Соскучившись от долгого девичества, Марфуша любовно стирала, гладила и просто, но сытно кормила мужа, а через год счастливые родители стояли над купелью; дочь была крещена Руфиной. Других детей от этого брака у Ионы не было, но скептики и так пожимали плечами: принято было считать, что старик женился ради стирки, а тут… Несмотря на уговоры дочери, отец в эвакуацию не поехал и пережил смутное антихристово время, деля свою жизнь между домом и рекой, где бакены никто не отменял, а значит, их следовало зажигать и гасить вовремя. С Марфушей и подросшей дочкой встретил вернувшихся из Ростова и молча выслушал их скорбный рассказ.
Матрена смотрит на старую карточку и удивляется, что на смертном одре отец почти не изменился лицом, но куда девалась исполинская фигура, размах плеч? Ну, да карточка маленькая, приходит успокоительная мысль. Разматываясь, нитка клубка несколько раз запутывалась, но потом выравнивалась, а самого клубочка-то осталось всего ничего — так, смятый комочек, искривленный наподобие почки. Папаша ничем никогда не болел, и Матрена силилась припомнить, от какой же болезни он помер? Что-то доктор говорил о почках, но это всплыло сейчас, а тогда… Тогда она дохаживала с Лизочкой, Царствие ей Небесное, и была уверена, что помер он от старости. Шутка сказать — восемьдесят три года. Да и никак это не было похоже на болезнь, убеждала она кого-то. Пришел вечером с работы, рассказывала Марфуша, умылся и начал делать свою излюбленную тюрю: лук порезал, хлеб покрошил, да только оставил почему-то, крошки на столе сдвинул холмиком и — лег. Наутро подняться не смог, а в больнице… Сколько он в больнице лежал? Клубок размотался до конца, оставив куцую нитку… Вот тебе и вся жизнь, додумывала она уже без клубочка, снова опустилась на колени и задвинула коробку под шкаф.

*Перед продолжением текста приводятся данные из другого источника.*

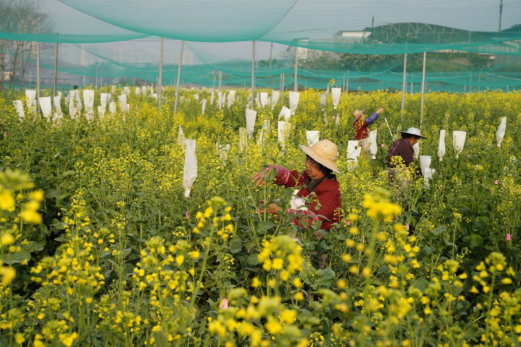 ↑2月22日,在重庆市油菜工程技术研究中心,taptap点点官方网站农学与生物科技学院的学生在给油菜花套袋。

И вовремя: хлопнула входная дверь, брошенная Генькой и радостно подхваченная сквозняком, и сразу же затараторила Надька. В собственном доме спокою нету, с досадой подумала старуха. Так хотелось закрыться, запереться и никого не видеть, остаться наедине с укатившимся клубком… Она зачем-то открыла дверцу шкафа и бесцельно передвинула несколько вешалок. Нету спокою, нету… Внизу лежали сложенные «на всякий случай» вещи, или, вернее было бы сказать, черновики вещей: нечто раскроенное, но по какой-то причине не сшитое, перевязанное ленточкой из той же ткани; или, наоборот, распоротое и заботливо сложенное; дежурная стопка одежды на починку, нитки… Все клубки давно пора собрать в мешок, вдохновилась старуха, а то катаются по углам, что ежики. Нашелся и мешок. Она собирала клубки и клубочки, как картошку, и уже мысленно прикидывала, из чего можно связать жилетку на зиму, как тусклое семечко упало на пол, но не осталось лежать, а неуверенно запрыгало и опять плоско закрутилось в воздухе. Моль. От-т паскуда! Весной все упихала нафталином; это теперь нафталин такой делают. Она решительно сдвинула брови. Хочешь не хочешь, весь шкаф перебирать надо. Снова мелькнул в воздухе прерывистый золотистый штрих, резко пресеченный властным хлопком. Завтра же все проверить, не то сточит… как язва какая.